DATA SHOWN:
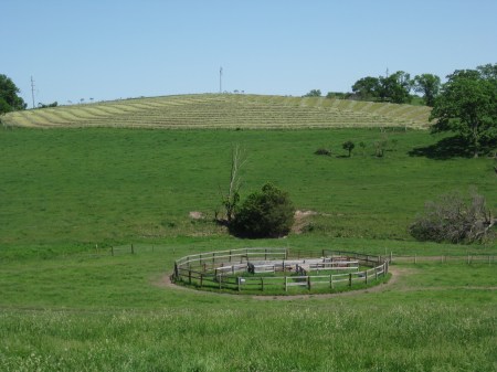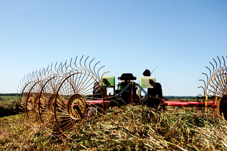 The picture below is of our wheel rake.  Each arm of wheels moves up and down hydraulically.  When the wheels are down, they turn along the ground moving the hay into the center.
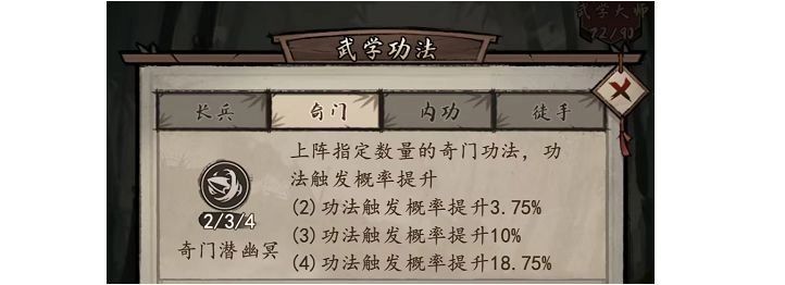 同时,依据携带的功法典籍数量差异,还会触发不同的加持效果。例如携带长兵类典籍时,当该类别典籍数量达到特定标准,就能额外增加伤害;而奇门类功法由于本身带有概率属性,相应的加持效果则是提升其功法触发概率。
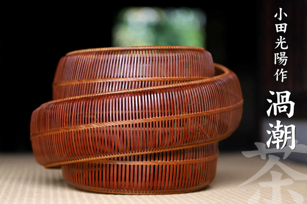 竹工芸作家の小田光陽(おだ こうよう)氏は大阪の指物師、三好弥次兵衛に師事し、指物大工をしていましたが、50歳を過ぎてから竹工芸の世界へ入りました。木工技術を生かし、竹と木の組み合わせによる作品を手掛け、竹工芸の新たな可能性を追求。縦ひごを渦巻状にして豪快な渦潮を表現した花器を多く手掛けた作家です。

WORK INSTRUCTION: Could you give the listing above again word for word, without any pictures?

EXERCISE OUTPUT:
 The picture below is of our wheel rake.  Each arm of wheels moves up and down hydraulically.  When the wheels are down, they turn along the ground moving the hay into the center.
 同时,依据携带的功法典籍数量差异,还会触发不同的加持效果。例如携带长兵类典籍时,当该类别典籍数量达到特定标准,就能额外增加伤害;而奇门类功法由于本身带有概率属性,相应的加持效果则是提升其功法触发概率。
 竹工芸作家の小田光陽(おだ こうよう)氏は大阪の指物師、三好弥次兵衛に師事し、指物大工をしていましたが、50歳を過ぎてから竹工芸の世界へ入りました。木工技術を生かし、竹と木の組み合わせによる作品を手掛け、竹工芸の新たな可能性を追求。縦ひごを渦巻状にして豪快な渦潮を表現した花器を多く手掛けた作家です。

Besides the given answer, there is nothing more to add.